Ao afirmar que odeia Manaus, deixou a plateia momentaneamente perplexa, já que seus quatro romances — Relato de um certo Oriente (1989), Dois Irmãos (2000), Cinzas do Norte (2005) e Órfãos do Eldorado (2008) — têm a capital amazonense como origem de seus personagens e palco de suas ações. Mas tratou de esclarecer imediatamente: “Não é cidade que eu odeio, mas o que fizeram com ela, descaracterizando sua arquitetura, seu urbanismo de outrora. Aliás, o mesmo que fazem em todas as capitais brasileiras, haja vista São Paulo”.
Para sua surpresa, um leitor conterrâneo estava presente ao evento. Emérito conhecedor de suas obras, fez ver ao autor que elas tiveram o grande mérito de introduzir no Sul e Sudeste o real universo da classe média de Manaus, cujo exotismo sempre ficou em maior evidência.
Com humildade, Hatoum confessou que muitas vezes questionou seu ofício.

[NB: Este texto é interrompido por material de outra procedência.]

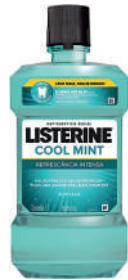
Listerine 1L Cool Mint
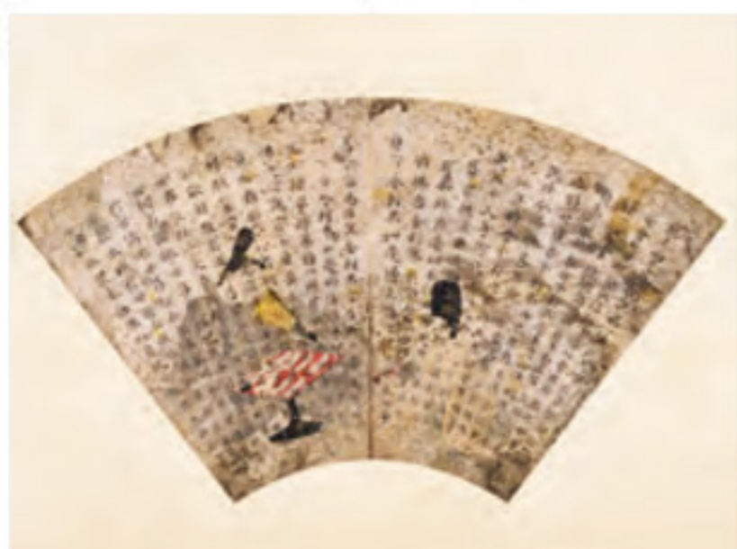
扇面法華経 平安時代 重要文化財

“Quando penso num Guimarães Rosa, num Graciliano Ramos, Machado de Assis, fico em dúvida se havia necessidade de mais um escritor”.
Contradizendo o que afirmou em recente entrevista, que escrevia todos os dias, inclusive aos domingos, contou que só escreve “quando baixa o santo”. Depois de seu livro de contos A Cidade Ilhada (2009), deveria lançar um novo romance este ano, o primeiro a ser ambientado fora de Manaus (as histórias se passam nos Estados Unidos, Paris, Barcelona, cidades onde o escritor viveu, e São Paulo, onde vive), mas ao reler o que escreveu, reconheceu que ainda falta muita coisa a acrescentar.
O programa Sempre um papo é desenvolvido pela Associação Cultural Sempre Um Papo, sociedade civil sem fins lucrativos, com o objetivo de criar políticas de incentivo à leitura a fim de formar cidadãos mais críticos. Foi criado em 1986 pelo jornalista Afonso Borges, em Minas Gerais, mas já ultrapassou os limites de Belo Horizonte e chegou a 30 cidades, em oito Estados da Federação, além do Distrito Federal, tendo sido realizado também em Madri, na Espanha.